What to do:
The listing below should be reproduced precisely, except for its images.

Data for this task:

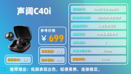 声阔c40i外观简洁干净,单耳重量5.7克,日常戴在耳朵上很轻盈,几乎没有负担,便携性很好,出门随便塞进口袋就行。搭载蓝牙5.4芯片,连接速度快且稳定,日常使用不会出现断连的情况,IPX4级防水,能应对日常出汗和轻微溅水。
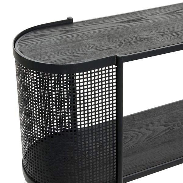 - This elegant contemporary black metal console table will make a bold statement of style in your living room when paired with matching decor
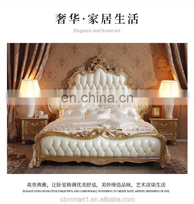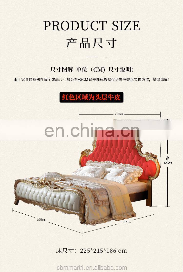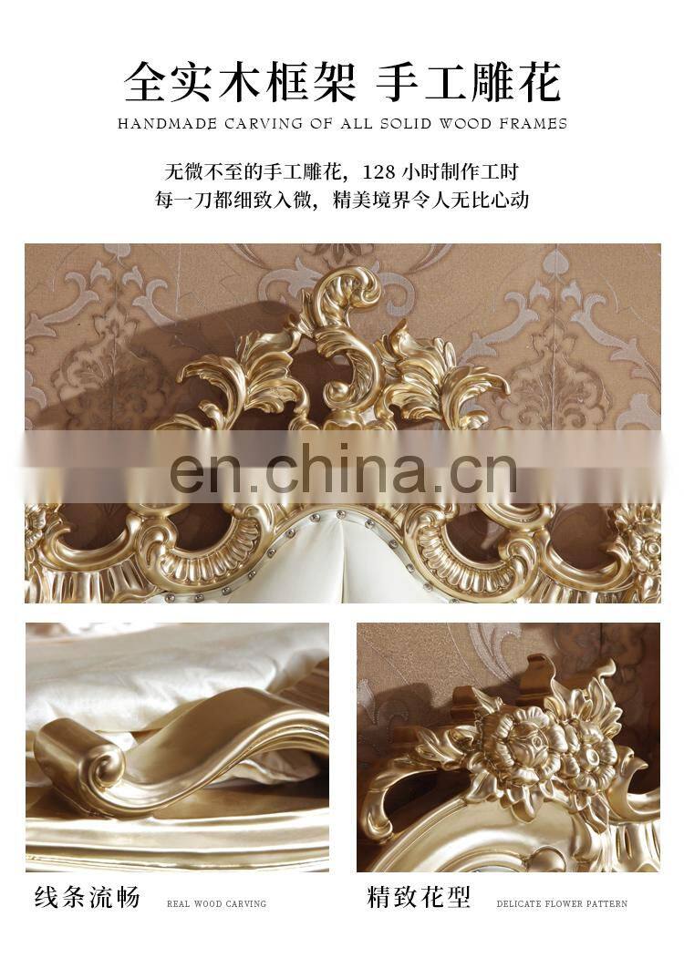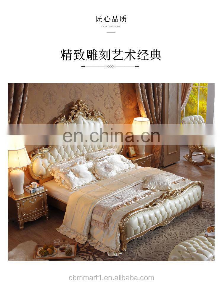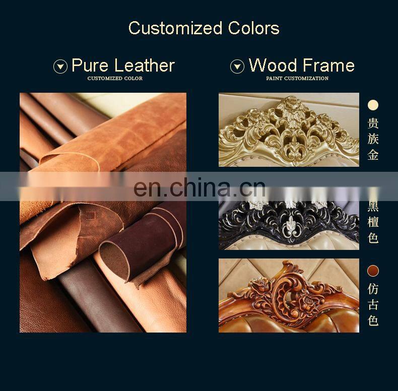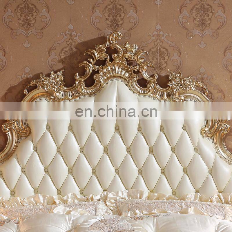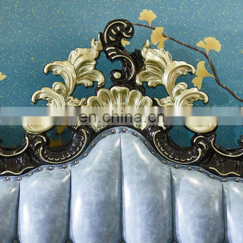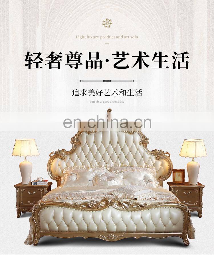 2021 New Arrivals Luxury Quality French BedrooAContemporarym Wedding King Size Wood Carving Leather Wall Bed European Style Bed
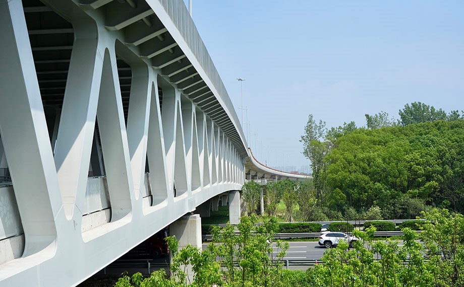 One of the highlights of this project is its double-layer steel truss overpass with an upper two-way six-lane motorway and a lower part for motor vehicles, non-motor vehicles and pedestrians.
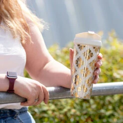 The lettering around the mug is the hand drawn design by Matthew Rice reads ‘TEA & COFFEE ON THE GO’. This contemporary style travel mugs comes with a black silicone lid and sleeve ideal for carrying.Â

Answer for the task:
 声阔c40i外观简洁干净,单耳重量5.7克,日常戴在耳朵上很轻盈,几乎没有负担,便携性很好,出门随便塞进口袋就行。搭载蓝牙5.4芯片,连接速度快且稳定,日常使用不会出现断连的情况,IPX4级防水,能应对日常出汗和轻微溅水。
 - This elegant contemporary black metal console table will make a bold statement of style in your living room when paired with matching decor
 2021 New Arrivals Luxury Quality French BedrooAContemporarym Wedding King Size Wood Carving Leather Wall Bed European Style Bed
 One of the highlights of this project is its double-layer steel truss overpass with an upper two-way six-lane motorway and a lower part for motor vehicles, non-motor vehicles and pedestrians.
 The lettering around the mug is the hand drawn design by Matthew Rice reads ‘TEA & COFFEE ON THE GO’. This contemporary style travel mugs comes with a black silicone lid and sleeve ideal for carrying.Â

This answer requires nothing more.